(TASK GOAL) Your reply should consist of the entries, copied exactly and stripped of images.

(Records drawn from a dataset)
........

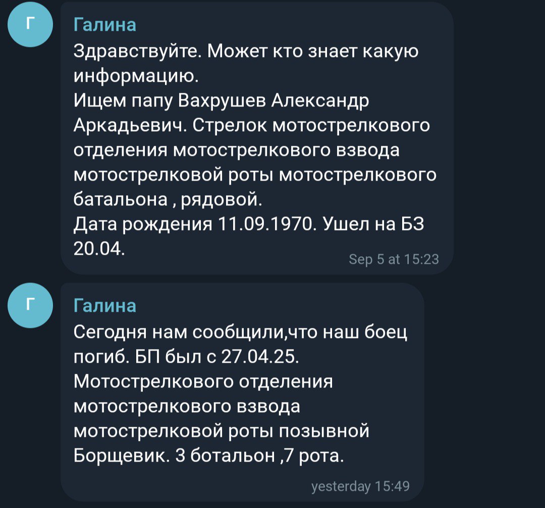 Дата сообщения о гибели:
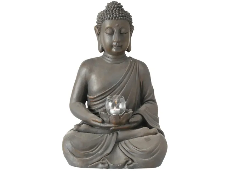 Jedes Stück des Windlichts Buddha ist handgemalt, was ihm eine einzigartige, individuelle Note verleiht. Ideal für entspannende Momente, fügt sich das Windlicht harmonisch in verschiedene Wohnstile ein und sorgt für eine warme, einladende Lichtstimmung.
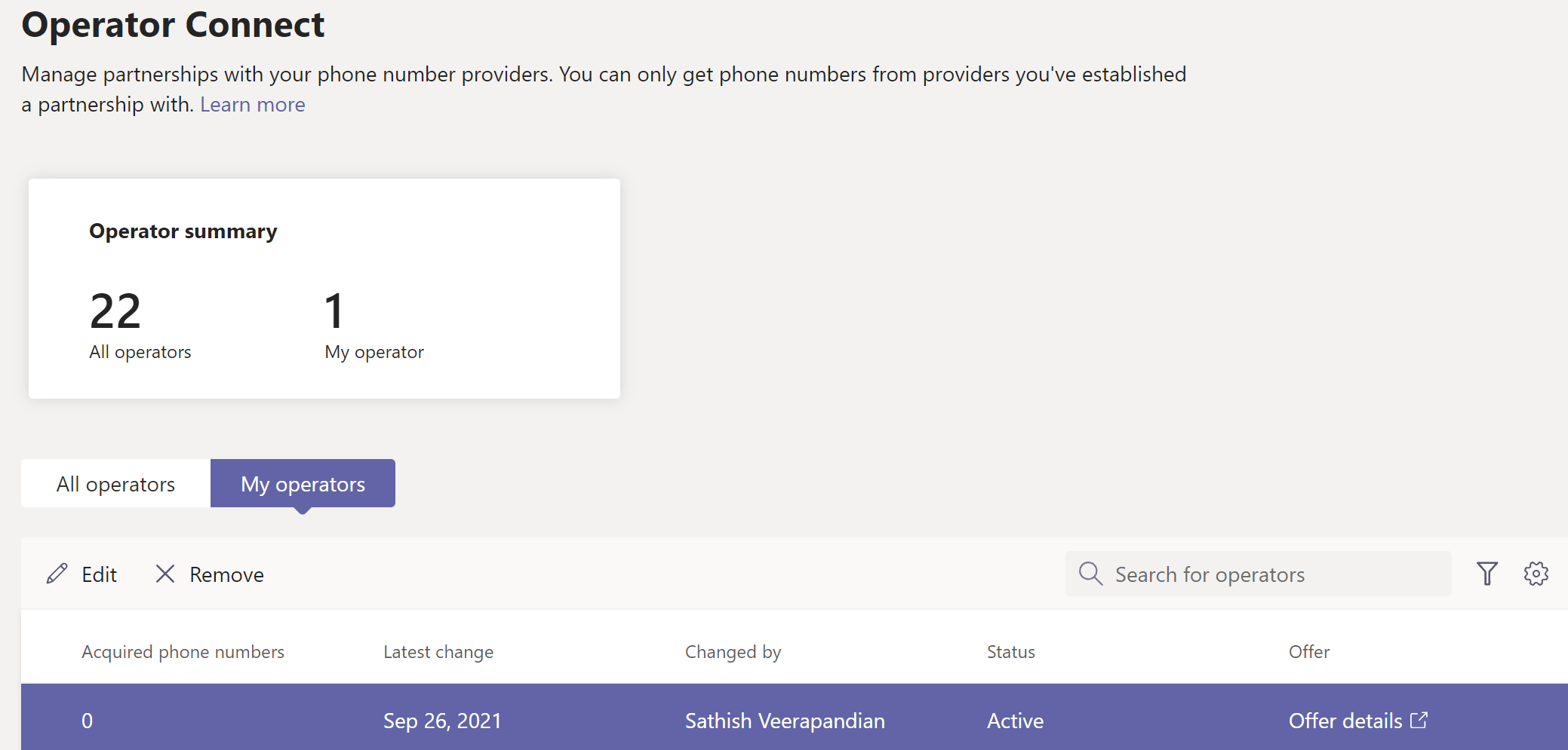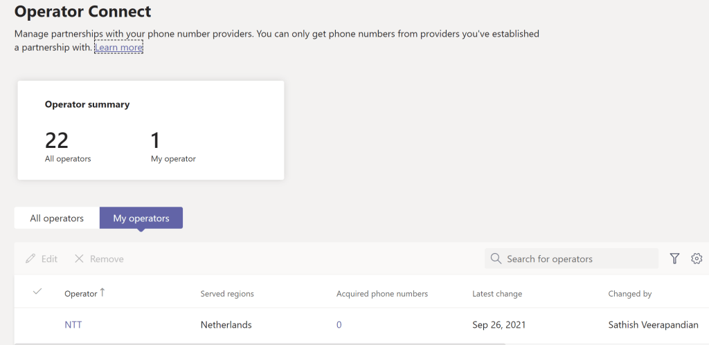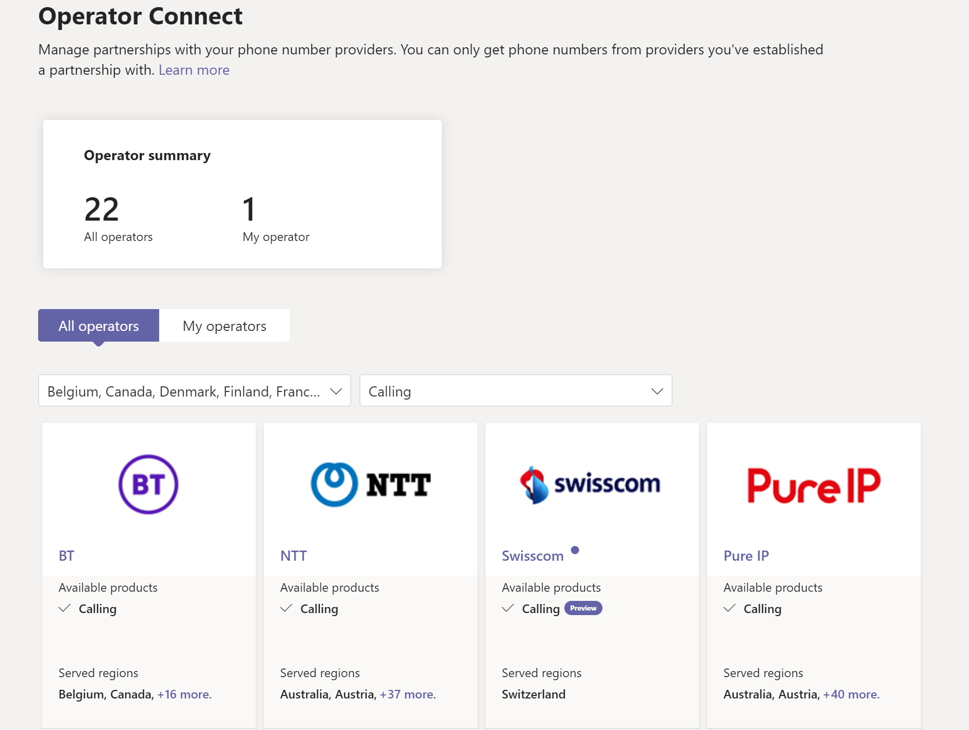 At the moment of writing this post there are 22 operators present in this program which supports upto 60 regions all over the world with Microsoft and the list can definitely grow in future. In this blog we will run through the steps to enable operator connect and the steps to enable them with the provider NTT.
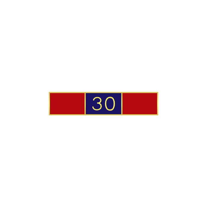 Handsome three section commendation bar with the number 30 in the center, great way to recognize thirty years of service. The wording / text is in the die and cannot be changed.
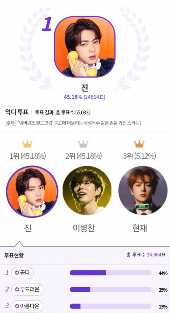 방탄소년단(BTS) 진이 '섬섬옥수 같은 손을 가진 스타' 1위에 오르며 인기를 빛냈다.
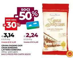 | 2 | Grana padano dop gran soresina LATTERIA SORESINA 200 g | Unicoop | €4,49 | €3,14 | -30% | 11 febbraio 2026 | 25 febbraio 2026 | Guarda l'offerta | |

........

(RESULT)
 Дата сообщения о гибели:
 Jedes Stück des Windlichts Buddha ist handgemalt, was ihm eine einzigartige, individuelle Note verleiht. Ideal für entspannende Momente, fügt sich das Windlicht harmonisch in verschiedene Wohnstile ein und sorgt für eine warme, einladende Lichtstimmung.
 At the moment of writing this post there are 22 operators present in this program which supports upto 60 regions all over the world with Microsoft and the list can definitely grow in future. In this blog we will run through the steps to enable operator connect and the steps to enable them with the provider NTT.
 Handsome three section commendation bar with the number 30 in the center, great way to recognize thirty years of service. The wording / text is in the die and cannot be changed.
 방탄소년단(BTS) 진이 '섬섬옥수 같은 손을 가진 스타' 1위에 오르며 인기를 빛냈다.
 | 2 | Grana padano dop gran soresina LATTERIA SORESINA 200 g | Unicoop | €4,49 | €3,14 | -30% | 11 febbraio 2026 | 25 febbraio 2026 | Guarda l'offerta | |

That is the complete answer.